American baseball player (born 1958)

Edward John Vande Berg (born October 26, 1958) is an American former professional baseball pitcher who played seven seasons in Major League Baseball (MLB).

== Playing career ==
Vande Berg graduated from Redlands High School in Redlands, California, in 1976 then attended San Bernardino Valley College, with a 18–1 record across 1977 and 1978. He then transferred to Arizona State University. He played on the U.S. national team that finished second in the 1978 Amateur World Series in Italy.

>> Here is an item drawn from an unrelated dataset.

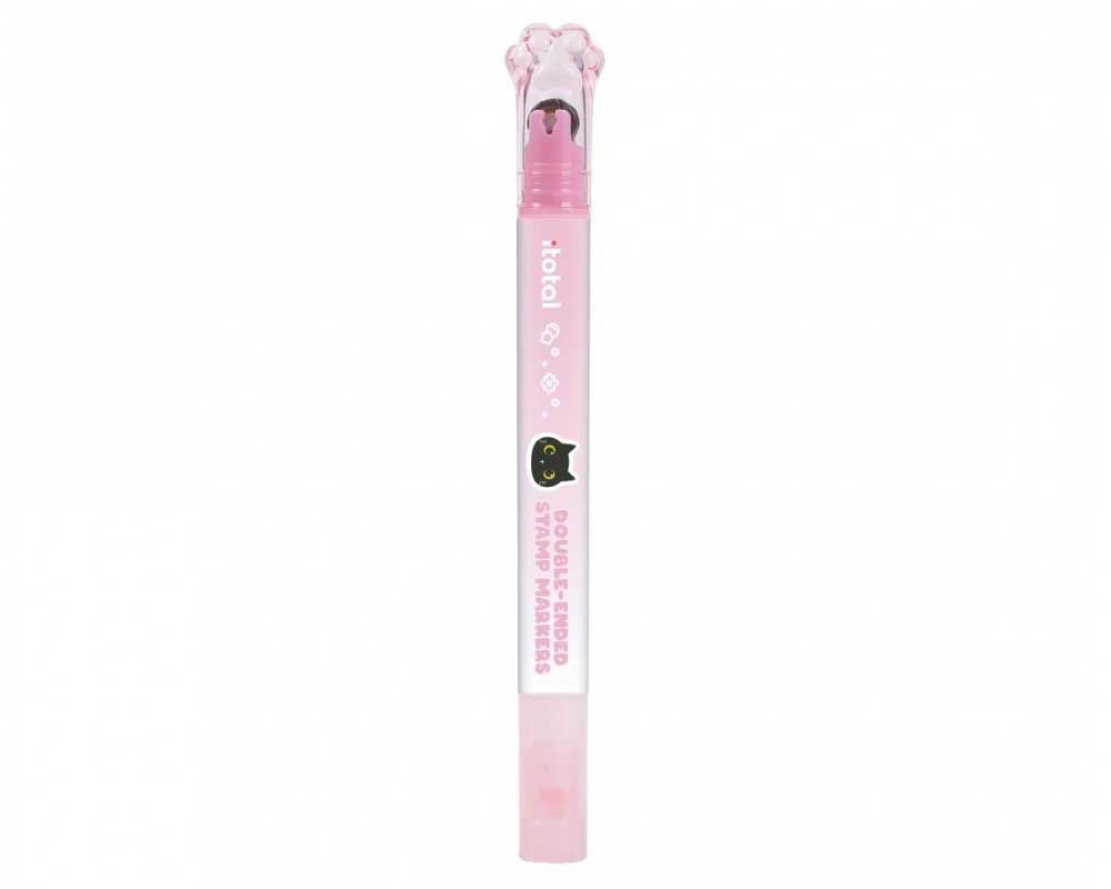 Evidenziatore rosa a doppia funzione con roller stamp decorativo ed evidenziatore glitterato. Design kawaii con tappo a zampetta e colore pastello, perfetto per scuola, appunti e journaling creativo.

The Seattle Mariners selected Vande Berg in the 13th round of the 1980 MLB draft. He signed for a $1,000 signing bonus, which he spent on car tires. He converted to a relief pitcher role in Triple-A in 1981. Vande Berg made his MLB debut with the Mariners on April 7, 1982. He worked mostly as a setup man to Bill Caudill, finishing his rookie season with a 9–4 record and 2.37 earned run average (ERA) while leading the American League (AL) with 78 games pitched, which was a major league rookie record until 1986. He was named the AL Rookie Pitcher of the Year by the Sporting News, the left-handed pitcher on the Topps All-Star Rookie Team, and finished fourth in AL Rookie of the Year voting. He did not match any of those marks in subsequent seasons, and his slider was not as effective. He was second in the league in pitching appearances in 1983, then split 1983 between being a reliever and starting pitcher, going 8–12 with a career-high 7 saves. He was again second in the AL in appearances in 1985. After four seasons in Seattle, he held the franchise record with 272 games pitched, and his 3.72 ERA was tied for the lowest with Floyd Bannister.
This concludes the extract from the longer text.